AIM OF THE TASK ->
Reproduce the full listing as it stands. Images do not belong in the copy.

PROVIDED DATA ->

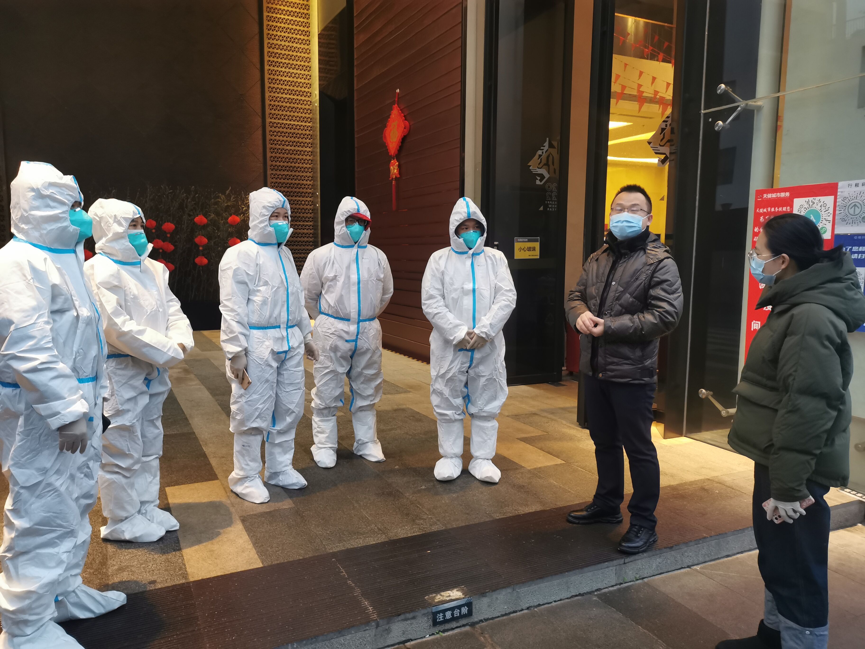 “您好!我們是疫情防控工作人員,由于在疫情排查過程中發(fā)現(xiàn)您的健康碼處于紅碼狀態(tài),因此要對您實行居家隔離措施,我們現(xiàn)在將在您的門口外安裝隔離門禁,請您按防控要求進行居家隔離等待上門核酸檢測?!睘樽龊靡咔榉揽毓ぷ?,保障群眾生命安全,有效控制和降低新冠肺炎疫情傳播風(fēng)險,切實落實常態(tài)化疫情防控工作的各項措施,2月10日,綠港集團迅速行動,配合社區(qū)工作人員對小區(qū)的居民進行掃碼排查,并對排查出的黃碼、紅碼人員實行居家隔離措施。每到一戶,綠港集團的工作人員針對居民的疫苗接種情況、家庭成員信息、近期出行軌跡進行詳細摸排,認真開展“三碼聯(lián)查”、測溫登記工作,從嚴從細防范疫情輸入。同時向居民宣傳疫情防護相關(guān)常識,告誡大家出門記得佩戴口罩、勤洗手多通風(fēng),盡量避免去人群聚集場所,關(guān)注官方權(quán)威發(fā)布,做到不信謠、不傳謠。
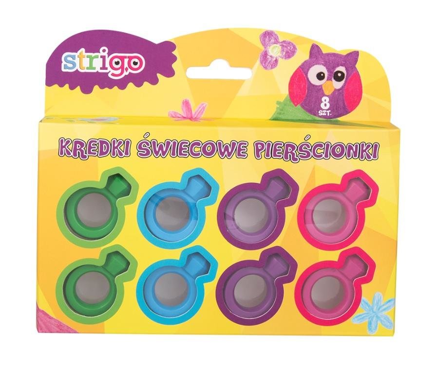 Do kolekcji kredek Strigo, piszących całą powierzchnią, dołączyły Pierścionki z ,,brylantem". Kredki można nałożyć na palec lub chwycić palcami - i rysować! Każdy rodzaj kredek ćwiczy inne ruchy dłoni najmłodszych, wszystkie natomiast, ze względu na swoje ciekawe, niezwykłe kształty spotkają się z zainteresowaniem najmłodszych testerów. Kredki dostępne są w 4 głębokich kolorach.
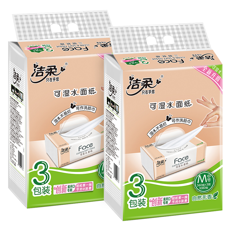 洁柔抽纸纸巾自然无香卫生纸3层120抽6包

EXERCISE OUTPUT ->
 “您好!我們是疫情防控工作人員,由于在疫情排查過程中發(fā)現(xiàn)您的健康碼處于紅碼狀態(tài),因此要對您實行居家隔離措施,我們現(xiàn)在將在您的門口外安裝隔離門禁,請您按防控要求進行居家隔離等待上門核酸檢測?!睘樽龊靡咔榉揽毓ぷ?,保障群眾生命安全,有效控制和降低新冠肺炎疫情傳播風(fēng)險,切實落實常態(tài)化疫情防控工作的各項措施,2月10日,綠港集團迅速行動,配合社區(qū)工作人員對小區(qū)的居民進行掃碼排查,并對排查出的黃碼、紅碼人員實行居家隔離措施。每到一戶,綠港集團的工作人員針對居民的疫苗接種情況、家庭成員信息、近期出行軌跡進行詳細摸排,認真開展“三碼聯(lián)查”、測溫登記工作,從嚴從細防范疫情輸入。同時向居民宣傳疫情防護相關(guān)常識,告誡大家出門記得佩戴口罩、勤洗手多通風(fēng),盡量避免去人群聚集場所,關(guān)注官方權(quán)威發(fā)布,做到不信謠、不傳謠。
 Do kolekcji kredek Strigo, piszących całą powierzchnią, dołączyły Pierścionki z ,,brylantem". Kredki można nałożyć na palec lub chwycić palcami - i rysować! Każdy rodzaj kredek ćwiczy inne ruchy dłoni najmłodszych, wszystkie natomiast, ze względu na swoje ciekawe, niezwykłe kształty spotkają się z zainteresowaniem najmłodszych testerów. Kredki dostępne są w 4 głębokich kolorach.
 洁柔抽纸纸巾自然无香卫生纸3层120抽6包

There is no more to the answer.